СИМВОЛ ИЛЮШИНОЙ ДУШИ – ФАЙКИН АВТОПОРТРЕТ

Трудно представить себе лучшее изображение ее животной природы. Стремление к социальному совершенству, доведенное до все позабывшей страсти. Только это мычание: я хочу. Чаю воплощения снов Вера Павловны. Точно так же когда-то Фаина вырывала ласки у Илюши, впавшего в сварливое состояние, – головой вперед просачивалась между отталкивающими руками, висла на шее, смеялась и плакала: ну поцелуй, а то я умру, ну погладь, обними – ты же сам этого хочешь, скорее, скорее… Воет, скулит, как собачка, пока, наконец, не устанешь быть хмурым, не пожмешь плечами, не погладишь ее по головке. Тогда радости нету предела – и прыжки, и ужимки. Волевая женщина – умеет вырвать победу зубами… Это потому, что ты сам жаждал ее победы, поощрял ее зверский напор. Ну а что еще поощрять? – ведь она животное, ничего человеческого в ней нет. Живешь, как с дикой пантерой в доме, но ведь когда-то она должна взбеситься – глаза нальются кровью, зубы оскалятся… Берегись, она тебя доведет до беды…

И уже довела. Но сама-то как при этом страдает – бесом мучима. А бес этот – ты. Ты вселился в нее, сделал частью своей души, распустил ее, превратил в животное. Все на инстинктах, никаких человеческих разговоров, никаких светлых снов Веры Павловны об алюминиевых зданиях. Что была твоя жизнь с ней, когда ты ее под себя приноравливал? Только трах – сексуальная магия. Возбуждал, лечил, успокаивал трахом. Ты фашист и скотина, истерик и зверь. Ты достоин ее нынешнего поведения. Она тебе целиком соответствует. И разве не ты это чудище, которое она теперь лепит в разных вариантах? Ты и есть эта тупомычащая похоть. Получай в ответ теперь то, что сам и посеял, скотина.

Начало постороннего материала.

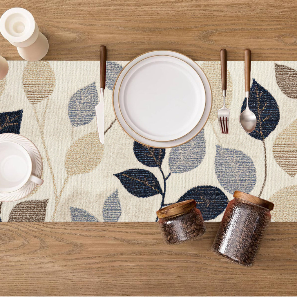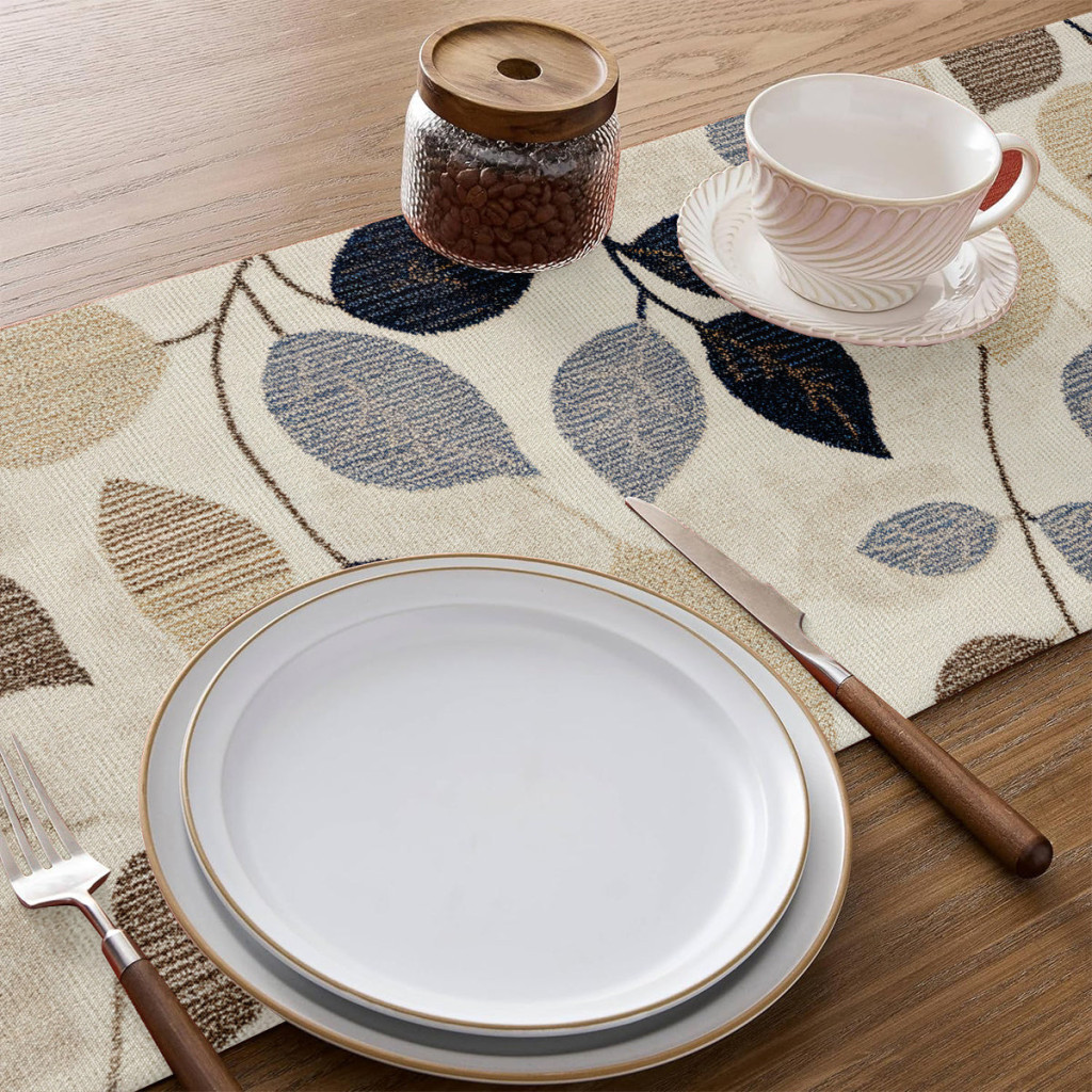 Elegáns levélmintás, 100% poliészter szőtt négyzet alakú asztaldísz

Так или иначе – возвращаться назад уже поздно, и Илья как бы даже против своей воли делает шаг за шагом на роковом для него пути. Он все же решил написать статейку о человеческом факторе, заказанную ему Моросовой. И вот пришел в одно учреждение поговорить с социологом Поциковским. Здесь, в коридоре, он и наткнулся на Дашу Ахохову, но об этом поздней.

ГОВОРИТ ПОЦИКОВСКИЙ:

– Сейчас в наибольшей степени беспокоит то серьезное противоречие, которое мы наблюдаем в жизни современной семьи. Именно – связанное с рождением и воспитанием детей. С одной стороны, мы очень хорошо понимаем – и об этом знают социологи, демографы, об этом знают многие люди, – что дети занимают все больше внимания в нашей жизни. Семья настолько ориентирована на детей, что многие считают – это важнейшая сторона семейной жизни, основной мотив, по которому создается семья, и мы не должны жалеть никаких затрат, чтобы наши дети выросли полноценными людьми. Недаром некоторые социологи называют современную семью детоцентричной. Но противоречие состоит в том, что, прекрасно отдавая себе отчет в том, что наша семейная жизнь посвящена счастью и благу ребенка, на практике мы создаем весьма серьезную для его благополучия и полноценного воспитания угрозу.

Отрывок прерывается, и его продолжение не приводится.